The care of orphans wandering and loitering in the city, as well as those left in countryside evacuation sites, became an urgent problem. Teachers and Buddhists in Hiroshima took the lead in helping them in that city; in Nagasaki, the Roman Catholics made stellar efforts in the care of A-bomb orphans. Then in 1949, programs for financial support of some as “adopted” foster children was initiated by Norman Cousins in the U.S., and from 1952 by Arata Osada in Japan.
For teenagers in Hiroshima, Professor and Mrs. Seiichi Nakano formed the support group called Ayumi (“Moving on”) to provide counsel and support for these A-bomb orphans. Even so, many were beyond these helping hands; and while some managed to get along well in life, not a few succumbed to delinquency, sickness, and even suicide.
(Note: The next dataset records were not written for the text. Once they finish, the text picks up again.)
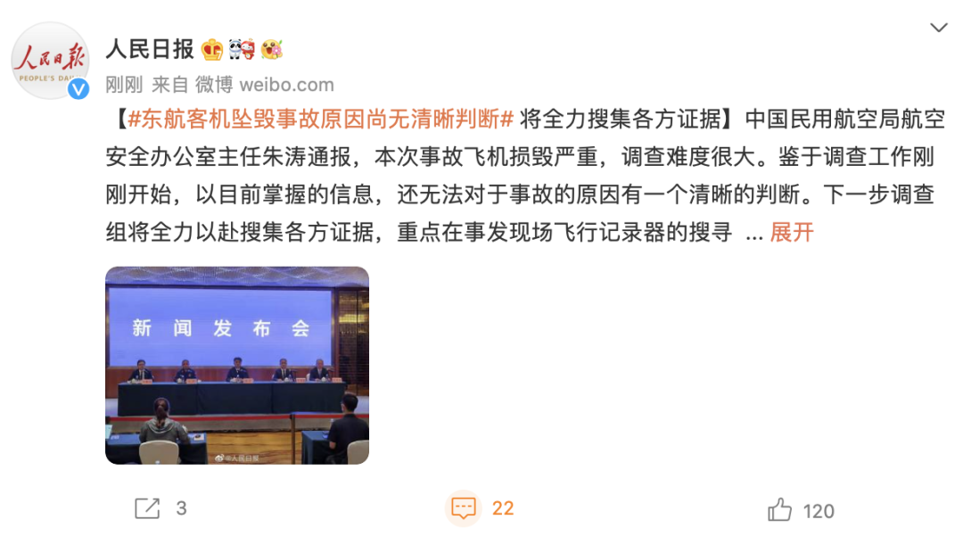就在剛剛,調查組召開#東航墜機發佈會#,通報了最新進展:
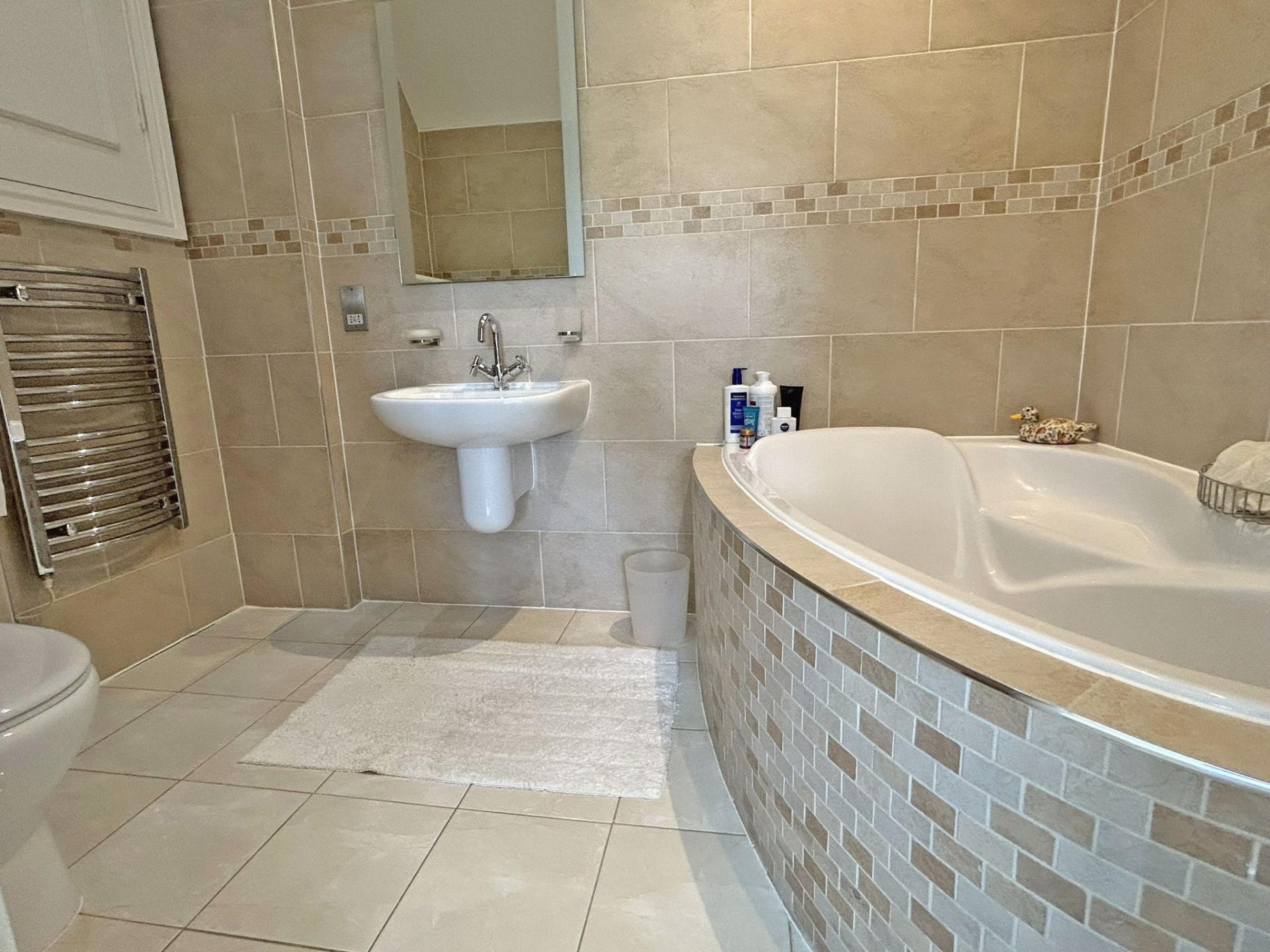 to EN SUITE BATHROOM with fully tiled walls and floor. Panelled corner bath. WC with concealed cistern. Wall hung wash basin. Chrome heated towel rail. Shaver point and mirror. Downlights. Extractor.
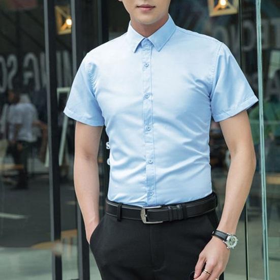 Men Summer Dress Shirt Slim Fit Short Sleeve Shirt Turn-Down Collar Button Up Shirt for Office Date Business Wear
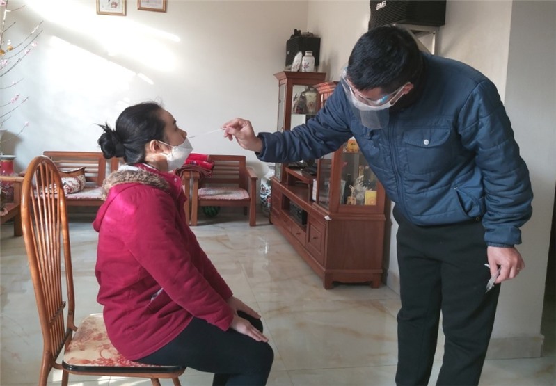 Người dân phường Hà Tu (TP Hạ Long) thực hiện test nhanh kháng nguyên SARS-CoV-2 tại nhà.
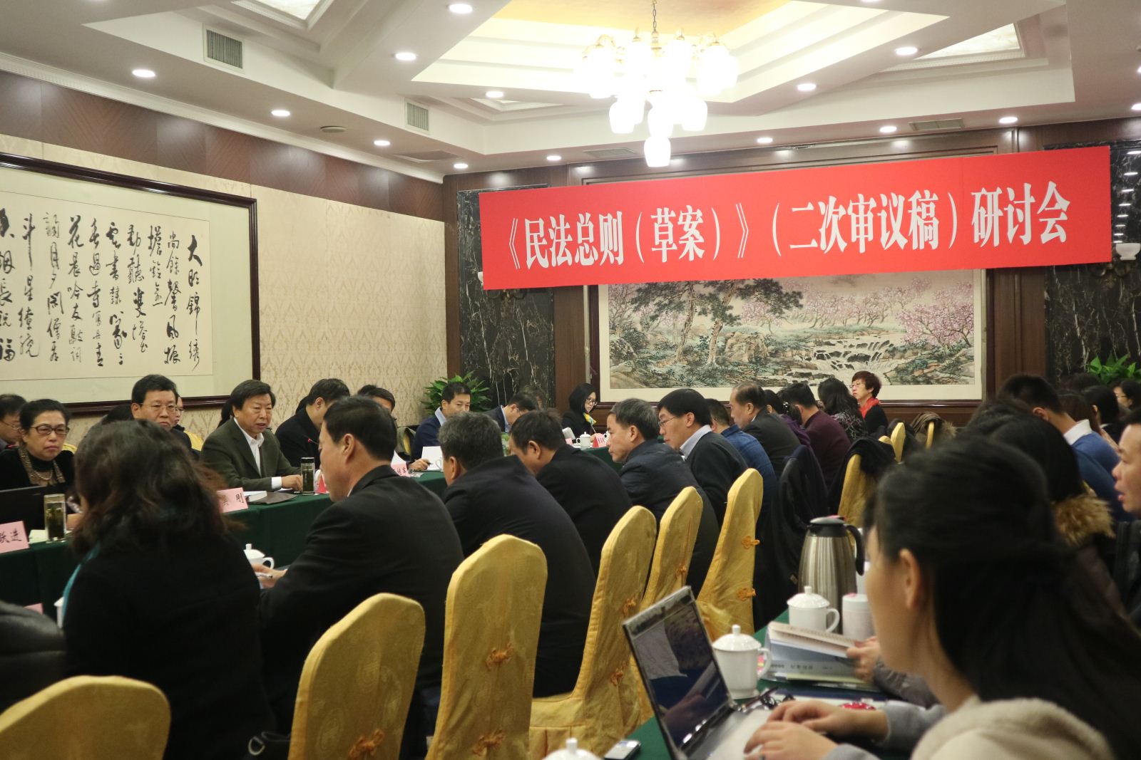 ? ? ? ? 2016年12月10日上午,由山西省法學會、山西省法學會民法學研究會、山西大學法學院聯合舉辦的“《民法總則(草案)》(二次審議稿)研討會”在省城太原迎澤賓館召開。山西省人大法制委員會主任委員、山西省人大常委會法工委主任鄧永明,山西省法學會專職副會長兼秘書長吳剛出席會議并講話。山西省法學會副會長、山西大學法學院教授王繼軍,山西省法學會副會長、山西財經大學法學院教授馬躍進,山西省司法廳副巡視員、山西大學法學院兼職教授郝嘵琴,山西律師協會會長高劍生等五十余位山西省法學、法律界專家學者參加了研討會。會議由山西省法學會民法學研究會常務副會長、省高級人民法院審委會委員、民二庭庭長鄧一峰主持。

Fortunately, this population group decreased over time; unlike the next, which increased as time passed.
Thousands of older persons, whether they suffered the atomic bombings or escaped them by being evacuated to the countryside, lost spouses and children and thus had no one to depend upon. Their numbers increased with the passage of postwar years.
An October 1960 survey of A-bomb victims in Hiroshima and Nagasaki showed that victims age 70 and over were 6.6% of Hiroshima’s population and 5.8% of Nagasaki’s. The aged groups as a whole were only 1.4% in Hiroshima and 1.3% in Nagasaki. Some had employment or were self-employed; but many were without income sources. And many suffered illness or disability.
Of 31 suicides by A-bomb survivors nationwide in the five-year period 1970–75, Hiroshima Prefecture claimed 25, of whom 8 were orphaned elderly victims, for whom illness was the major motive.